Aim of the task: When you write out the listing below, keep each word exactly as it stands and drop the pictures.

Stored data:
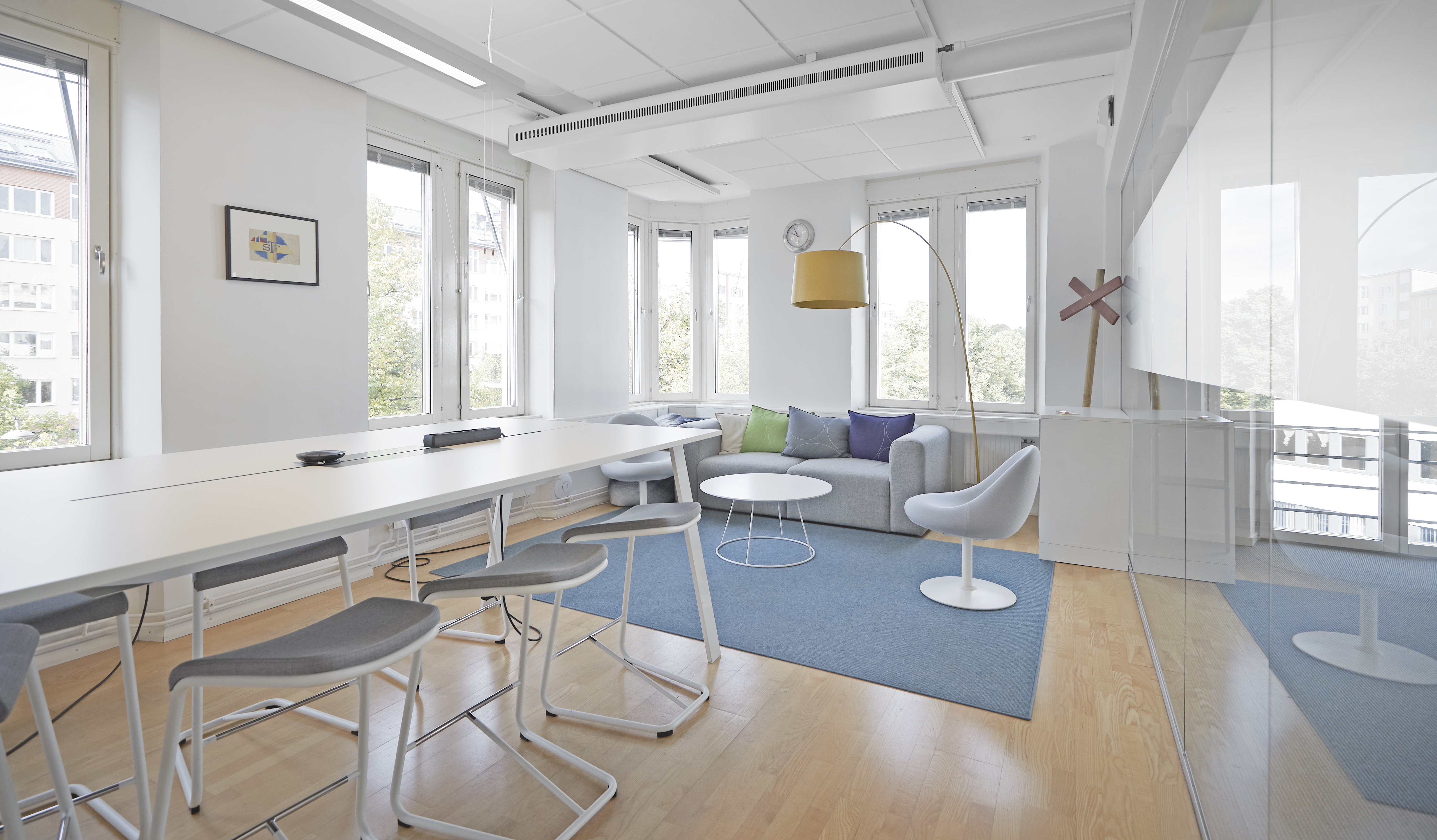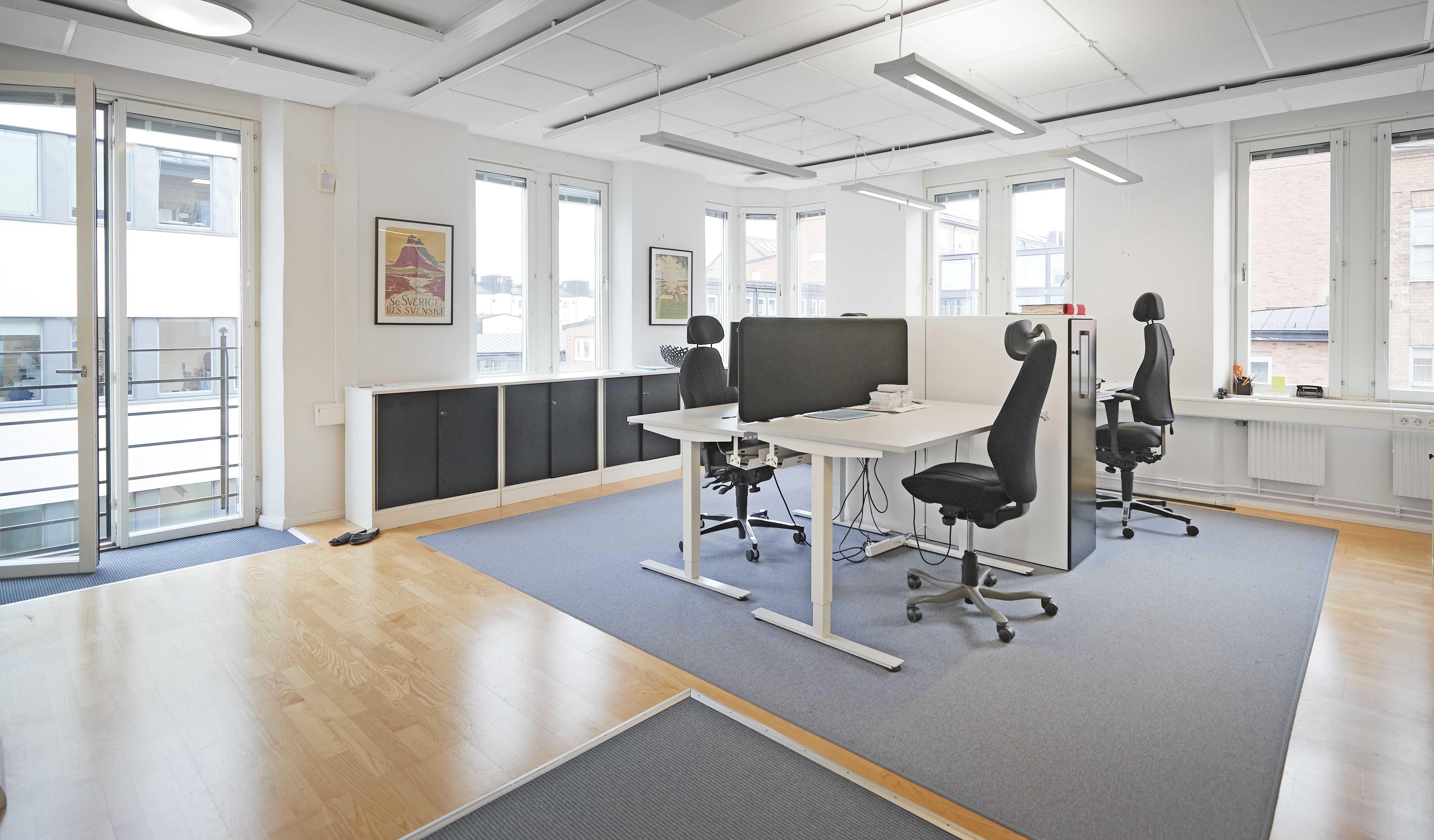 Kontorslokal högt upp i huset med fönster i alla väderstreck
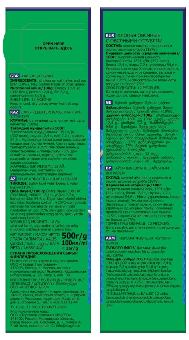 Хлопья овсяные из цельного зерна, овсяные отруби (18%)
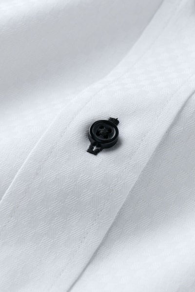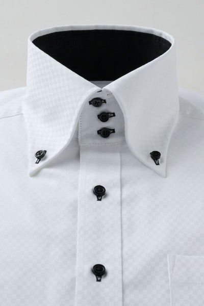 シャツでインパクトやアクセントをつけたいときにこれ以上ないノーネクタイ専用のアバンギャルドなモード系シャツ。
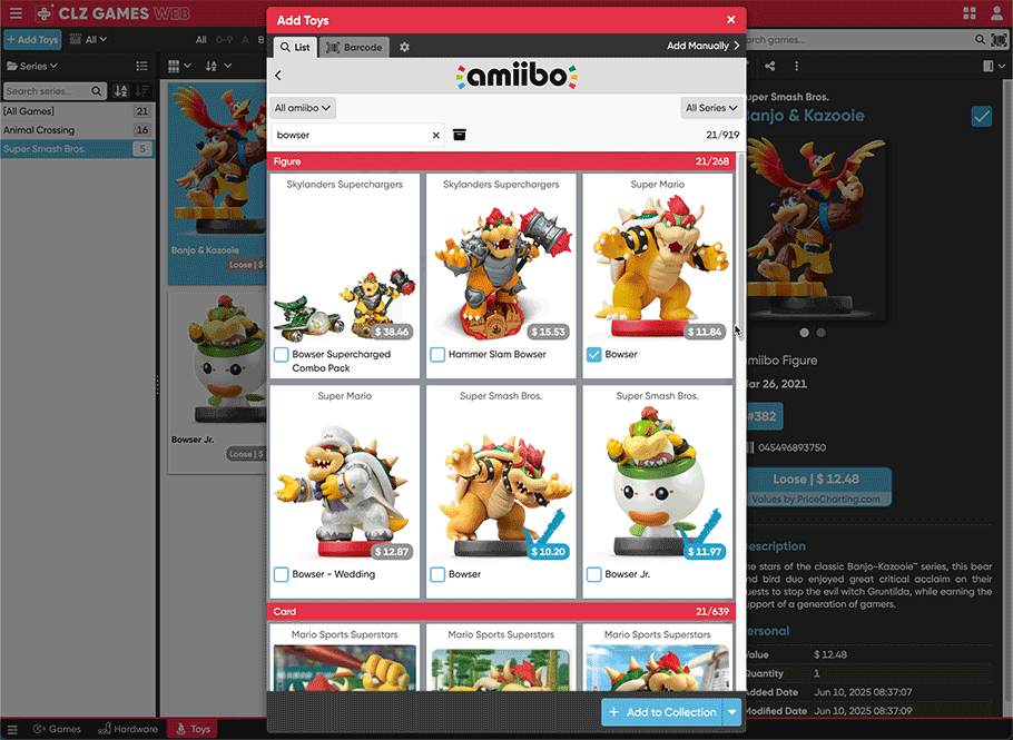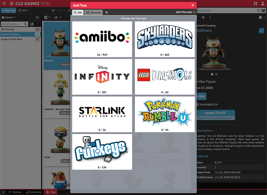 Do you have amiibo? Skylanders? Other? Good news: you can use CLZ Games to catalog your Toys-to-Life figures! CLZ Games comes with full support for cataloging:

Output for this exercise:
 Kontorslokal högt upp i huset med fönster i alla väderstreck
 Хлопья овсяные из цельного зерна, овсяные отруби (18%)
 シャツでインパクトやアクセントをつけたいときにこれ以上ないノーネクタイ専用のアバンギャルドなモード系シャツ。
 Do you have amiibo? Skylanders? Other? Good news: you can use CLZ Games to catalog your Toys-to-Life figures! CLZ Games comes with full support for cataloging:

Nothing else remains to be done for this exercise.